During this trip I was also able to visit the outlying parts of the city in order to sit in on the microcredit and health education sessions that we are evaluating. I had informal conversations with women who consider the small loans to be a blessing and a path towards empowerment, and others who divulged to me their difficulties in making payments and their frustration with the process. I was honored to be able to enter the homes of some of PRISMA’s clients, and I was humbled by the conditions in which they live. While I hope that the intervention is improving their lives, these visits make it clear that there are much broader infrastructural and political changes that need to take place so that even the most basic needs – such as roads, water, and electricity – are met. This time in the field has been crucial to my synthesis and understanding of the issues at hand, and it has spurred additional research questions that will hopefully be answered by data from this and future studies.
While it will be several months before the follow-up data are available for analysis, I am excited about the potential for this project to demonstrate some of the strengths and pitfalls of microcredit in affecting the health of the women whose livelihoods are at stake. With this information, PRISMA will hopefully be able to refine its services to meet its clients’ needs in Peru, and other microcredit institutions may also be able to design and implement their interventions more effectively to create positive impacts among the poor whom they serve.
References
1. Yunus M. What is microcredit? 2005.
2. Daley-Harris S. State of the Microcredit Summit Campaign Report. Washington, DC, 2006.
3. Mosley P, Hulme D. Microenterprise finance: is there a conflict between growth and poverty alleviation? World Development 1998;26:783-790.
4. Rahman A. Micro-credit initiatives for equitable and sustainable development: who pays? World Development 1999;27:67-82.
5. Brett J. “We sacrifice and eat less”: the structural complexities of microfinance participation. Human Organization 2006;65:8-19.

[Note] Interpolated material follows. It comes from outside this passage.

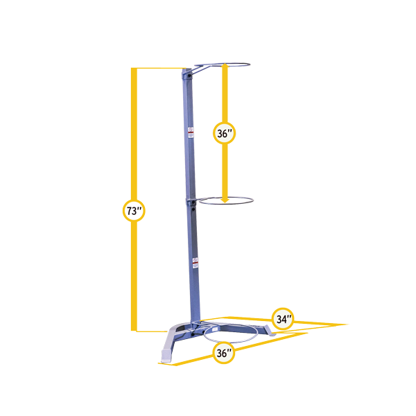 Assembled Measurements: 73"H x 36"W x 34"D. Space between rings is 36".

6. Goldberg N. Measuring the impact of microfinance: taking stock of what we know. Washington, DC: Grameen Foundation USA, 2005.
7. Lynch JW, Kaplan GA, Salonen JT. Why do poor people behave poorly? Variation in adult health behaviours and psychosocial characteristics by stages of the socioeconomic lifecourse. Social Science and Medicine 1997;44:809-819.
8. Smith Fawzi MC, Lambert W, Singler JM, et al. Factors associated with forced sex among women accessing health services in rural Haiti: implications for the prevention of HIV infection and other sexually transmitted diseases. Social Science and Medicine 2005;60:679-689.
9. Smith SC. Village banking and maternal and child health: evidence from Ecuador and Honduras. World Development 2002;30:707-723.